If you are considering filing for bankruptcy relief because you have large amounts of outstanding debt, refinancing your mortgage might not be an option. Each lender has its own guidelines when evaluating your application to refinance. If you have bad credit or a large amount of unsecured debt, you might not qualify.
That said, if you can refinance before filing for bankruptcy, you’d probably be wise to do so, regardless of whether you file for Chapter 7 or Chapter 13. Chapter 13 takes three to five years to complete, and you’d need court approval to move forward with the refinance. Even though Chapter 7 is much shorter, taking approximately four months, unless you have a lot of equity, you’ll have a harder time qualifying for a refinance post-bankruptcy.
Also keep in mind that if you refinance your mortgage before bankruptcy and take cash out of your home equity, the bankruptcy trustee will want to know if you still have the money or what you did with it.

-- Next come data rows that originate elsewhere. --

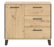
LT 2 - komoda szer. x wys. x gł. 90,5 x 82 x 40 cm Waga: 38,3 kg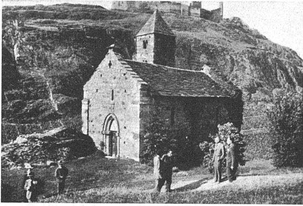
Allerheiligen-Kapelle am Aufstieg zur Kirche Notre Dame de Valère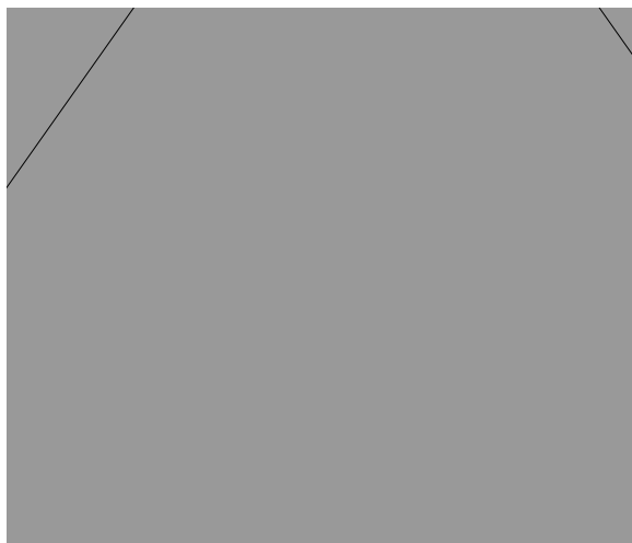
Сурет 3 - Аймақтық экономикалық саясаттың құралдары. Ескерту-авторлардың құрастыруы негізінде жасалған

Сурет 3-те проблемалық (депрессиялық) аймақтардағы аймақтық экономикалық саясаттың құралдары ұсынылған.

If you paid bills shortly before the bankruptcy case, the trustee might be able to use the clawback provision to recapture the funds and redistribute them amongst all creditors according to the rules in bankruptcy law.
If you still have some or all of the money, you’d need to be able to protect it with a bankruptcy exemption—likely the wildcard exemption if your state has one because most states don’t provide protection for cash. Simply put, if you decide to refinance your mortgage before bankruptcy, it is best not to take any cash out.
Refinancing after filing for bankruptcy can also be difficult. Many conventional lenders require bankruptcy debtors to wait a number of years after filing before applying for a refinance—even though you’ll be able to discharge (wipe out) your qualifying debt in a bankruptcy case, making you a better credit risk overall.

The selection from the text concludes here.